The regulator operates on a workforce where nearly 30% are casual or contract, that is top heavy with managerial and executive staff, that does not seem to support its ground workers who do the inspections and write critical reports that are often overturned with no explanation.

The title of the Royal Commission’s interim report was “Neglect". Neglect is not a word that anyone relying on the aged care system wants to hear. Neglect outlines the litany of long-term, systemic problems that this Government has failed to fix during its seven-year term.

Comrades it’s easy to look at the aged care system and see a system which is too big to fail, yet too hard to reform. It’s not.

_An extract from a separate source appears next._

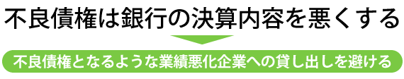 不良債権が多いと引当金として経費にする額が大きくなり、自行の経営を圧迫します。

The most crucial thing to fix is the workforce issue. We need more staff and the right skill mix in nursing homes. They need the time to care for the elderly who they respect and often come to adore. Labor leader Anthony Albanese is the first leader in a long time to put aged care firmly on the national agenda by releasing an 8 point plan. His plan leads with minimum staffing levels for residential aged care.

Everything else follows.

Looking beyond the crisis, we need to re-envisage aged care, developing a system where there are supports for every stage of ageing. I want to age at home and I’m sure you do too. That means uncapping the home care package list, developing ‘nanny’ creches for daily respite, so families can stay together, revisiting retirement village development without exploitative real estate plans. When residential aged care is the only option remaining, our elderly should receive the dignity, safety, respect and high level healthcare they deserve.

Aged care has become the major issue it should be in the public domain. The Morrison Government must be held accountable for its failings at the next election. The Labor party must continue to stand up and fight for the workforce, for quality care and for a system we can be proud of.

We must make aged care an election issue. What do we do? Stand up fight back!